Sunday, September 20, 2009
The summer garden is over, but there is still plenty of life in the garden. The roses are happily blooming now that the dreaded Japanese beetles are long gone. The crepe myrtles are still blooming, and the parsley is a beautiful, huge green mound, ready to eat.
There was a heavy mist going on when I took these pictures yesterday. It felt wonderful. Although officially it is still a few days away, the scent of autumn is already in the air. I love it! I'm ready for pumpkins and scarecrows and leaves blowing in the wind. I will miss the flowers, though, and especially the fresh tomatoes.
These are the Texas Bluebonnets that I planted in June. I became fascinated by the raindrops puddled in the center of the leaves. They did not bloom this year; hopefully they will come back next year.

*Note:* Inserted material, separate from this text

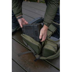- Esta versión compacta de nuestra icónica Ruckbag ofrece una capacidad ideal en un formato cómodo y práctico. Nuestro famoso sistema de enganche para sillas se mantiene, pero ahora es ajustable para adaptarse a una amplia gama de tamaños de sillas. Lleve su silla y su bolsa de una sola vez con facilidad. Los bolsillos laterales están estratégicamente situados para un uso óptimo, el compartimento principal más grande ompo mucho espacio para tu Tackle Blox y otros artículos esenciales. Las correas acolchadas para los hombros son ajustables y cuentan con una correa para el pecho para mayor seguridad.

It misted rain most of the day yesterday, except for when it flat out poured down (known around here as a "toad-strangler"). It was a nice day to stay in with a cup of hot tea and a good mystery.
Most of the vegetable garden has been put to bed for the winter. We pulled up all the tomato plants today, along with the two remaining squash plants. We were still getting a few squash every couple of days, but they were tough and a little bitter. It was time for them to go. We still have a couple of red long bean plants and I planted a patch of Swiss Chard a couple of weeks ago which has started sprouting.
We pulled up one patch of zinnias, but there are many more to go. They looked good for a long time, but that time is over, I'm afraid. I need to order garlic this week. I usually plant it around Halloween. I already have a couple of packs of hyacinths and grape hyacinths that I will plant at the same time. I would still like to get a couple of rose plants in the ground before winter. Since school has started, it has been hard to find time for the garden. Winter holiday is twelve weeks away, and believe me, I am counting down every single day! It will be time for a long nap and a chance to plan my spring garden. That's what cold winter days are for, right?